He'll need someone. For after. I think that's what he said. I wasn't really listening. I held my hands out like when you have to take communion, and she balanced it in my hand.

It was light. So light, like holding a crumpled ball of paper. Cupped in my palms. The movement seemed to grow more eager, more excitable. The sides of the cotton ball shuddered, and the insides pushed out with a pulsing motion, little jolt-like kicks. It writhed and squirmed with a weird happy delight and I could – I knew that, how happy they were to be born, to know me. I don't know how long I stood. Staring, cupping it in my hands like a flame I thought would go out. I breathed when it stretched out, following its irregular motions.

And then it split like a water balloon.

I've told you, I know I have, I sued to love spiders when I was a kid. I got a book out of the library – it was the first book I got out with my library card, I'd forged my mum's signature and I was – I was really nervous that I'd be found out, but you know, looking back, I think the librarian knew and looked the other way. A nice guy. And the book, god I loved it, I took it out dozens of time. It was called something like The Big Book of Super Spiders. It was huge, big hardback thing like one of those Guinness World record books, could barely fit it in my scrappy old backpack, but I used to spend hours looking at all the pictures, learning all the facts, repeating them to myself quietly so I could remember. My – well, my parents were never much interested when I tried to tell them what I remembered, but they didn't stop me reading it. Mind, Dad wasn't much happy when I started going out into the garden to try and catch some, bringing them inside. Made me tip them all out. Mum bought me a book once, for my birthday. Still in the bag, price tag on, but I was so surprised that it wasn't like, clothes or something, that I didn't mind. It was on insects, and I didn't tell her that spiders weren't insects, just said thanks. I did a bit of reading on bees and moths and millipedes to show her I liked the book, then went back to my spider book.
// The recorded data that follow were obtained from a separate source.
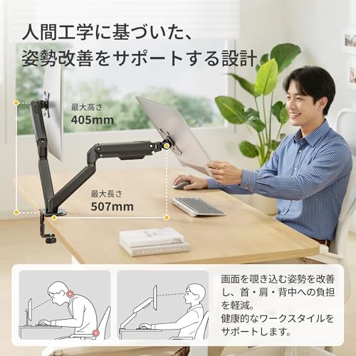 【人間工学に基づいた、究極の姿勢改善ツール】固定式のスタンドとは異なり、monTEKモニターアームなら画面の高さを視線位置に合わせることができ、画面を覗き込む猫背姿勢を根本的に解消し、首・肩・背中への負担を大幅に軽減し、健康的なワークスタイルへとサポート。まるでオーダーメイドのように最も快適な環境で使用し、長時間でも疲れにくい人間工学に基づいた快適なワークスペースを実現します。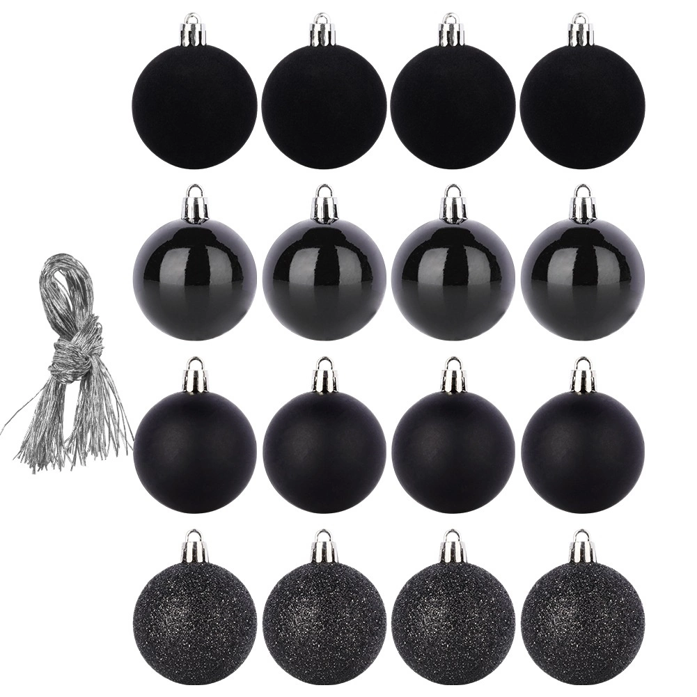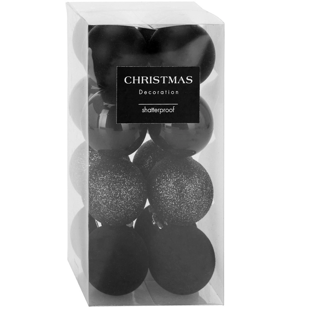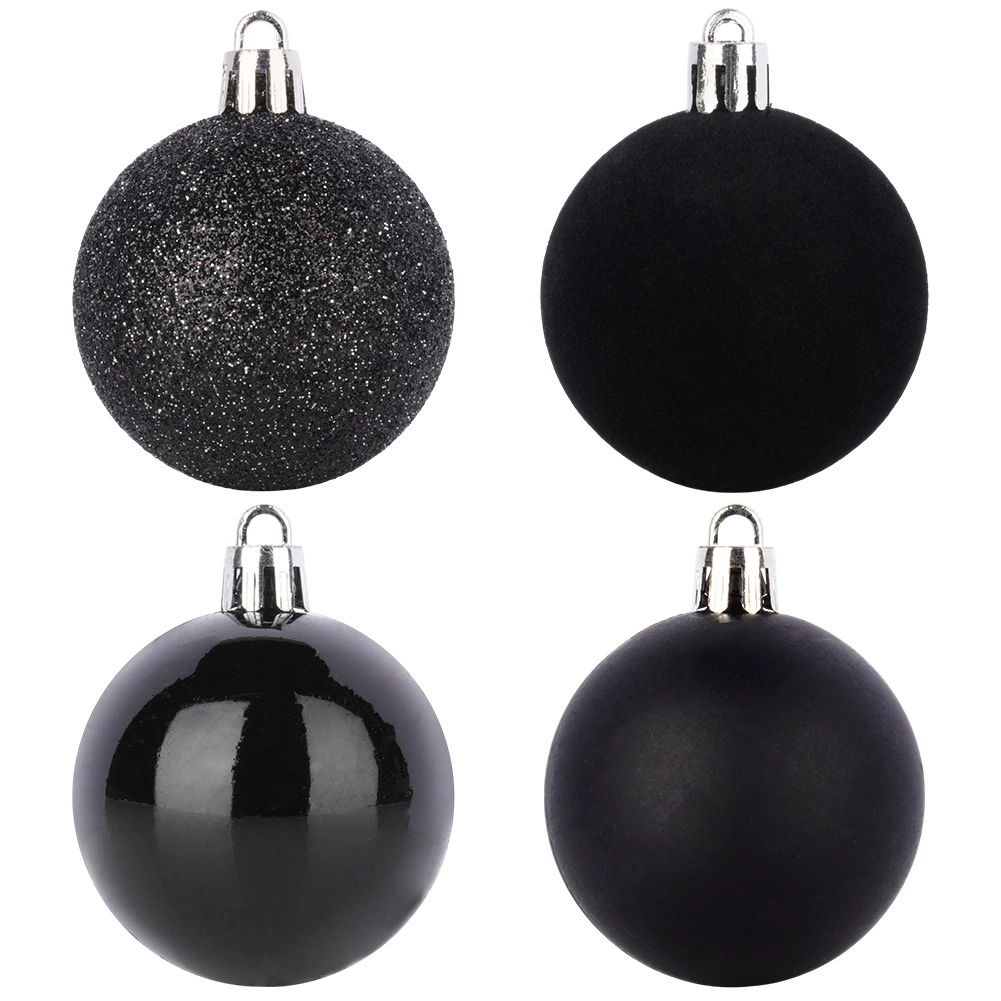 Creëer thuis een unieke feestelijke sfeer met een set hoogwaardige, onbreekbare ornamenten in elegante zwarte kleur. Dankzij de mix van afwerkingen – mat, glans, glitter en velours – krijgt uw kerstboom en andere decoraties een modern en indrukwekkend uiterlijk.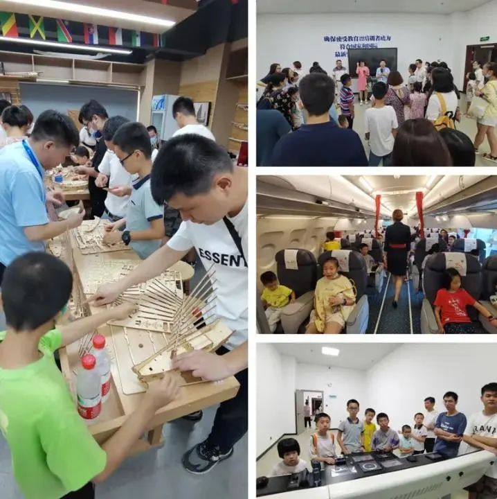孩子們走進(jìn)航海模擬器,透過駕駛艙的屏幕,在360度的大屏幕上模擬在各種海域航行情況;通過船體模型拼裝,學(xué)習(xí)了船在水中航行的原理;參觀飛機(jī)模擬客艙,感受空乘的工作場景,體驗(yàn)購票、值機(jī)、安檢、乘坐飛機(jī)過程。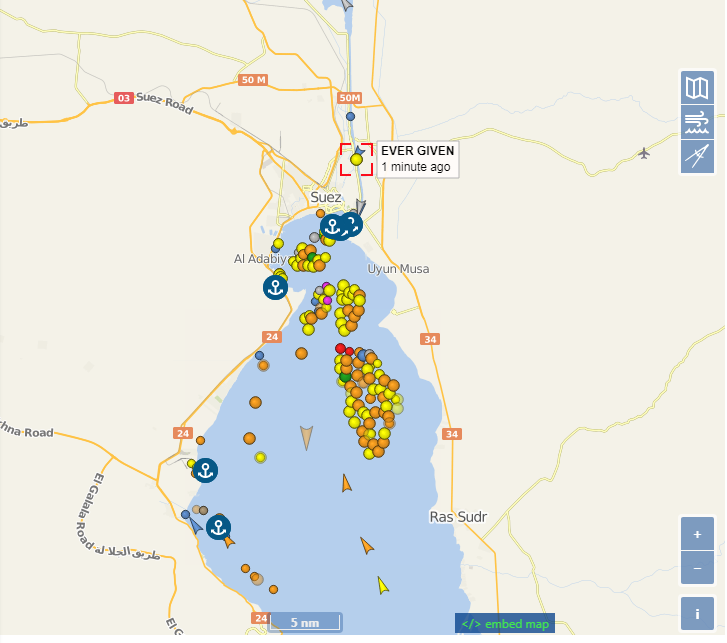 全球贸易与物流信息提供商JOC的欧洲高级编辑格雷格·诺勒(Greg Knowler)在接受《每日经济新闻》记者采访时表示,2020年,因第二季度航运受新冠疫情影响,亚洲至欧洲和地中海的船只运输了近1600万个20英尺集装箱(标准箱),比2019年的1660万箱略有下降,其中绝大多数货物是通过苏伊士运河运输的。 雷格·诺勒告诉记者,预计“长赐号”至少需要两天时间才能脱离搁浅状况。集装箱船搁浅给通过运河的常规航行造成干扰,导致从红海向北和地中海向南的船只扎堆。“所以即使苏伊士运河的通航只推迟两天,也将进一步加剧供应链中断,减缓运往欧洲各地企业的货运。” 在“长赐号”搁浅之前,历史上已经有数次货轮搁浅在苏伊士运河的事件。即使在2015年苏伊士运河完成了一项80亿美元的运河扩建工程之后,船只搁浅导致航道堵塞的事件也时有发生。 2020年11月,赫伯罗特船舶旗下的Al-Muraykh号在运河上搁浅五个多小时;2017年10月,东方海外的超大型集装箱船OOCL Japan号曾因机械故障而搁浅了数小时,之后在拖车帮助下重新脱浅并通过运河;2016年,马士基航运的9962TEU集装箱船Maersk Shams号也曾短暂搁浅;最严重的一次事故发生在2004年,油船Tropic Brilliance号在搁浅后,苏伊士运河被迫关闭了三天,最终在将25000吨石油抽出后,该船才终于脱困。 对于当前被堵住去路的航运公司来说,它们现在有一个选择是改走非洲和好望角的航线,但这将增加3000多海里,从亚洲到欧洲的过境时间延长一周。船只还必须加速航行以求赶上它们的周时间表,增加2节航速航行5天将额外燃烧1000吨燃料。

I don't... it's hard to say if they were always going to get us, isn't it Jon? If there was something about us as people that, I don't know, drew us to the powers, to being here, or if we were moulded that way, nudged along to follow the paths they wanted. Suppose it doesn't matter does it. End result's the same.

So, while I was holding the egg sac, I was thinking about what happens, when spiderlings are born. Sounds kind of cute, right, spiderlings. They're tiny, like the size of those silver ball bearings you get on cakes, sometimes even smaller. Sometimes they're born independent, and just wander off, do their own thing by instinct. Sometimes they hang out with the mother for a bit, acclimatising to the world. They sit on, well, what we'd call her back, and she carries them around, and they eat what she catches and prepares for them. And, as most people know, sometimes they – they eat the mother. Her final act of parenthood.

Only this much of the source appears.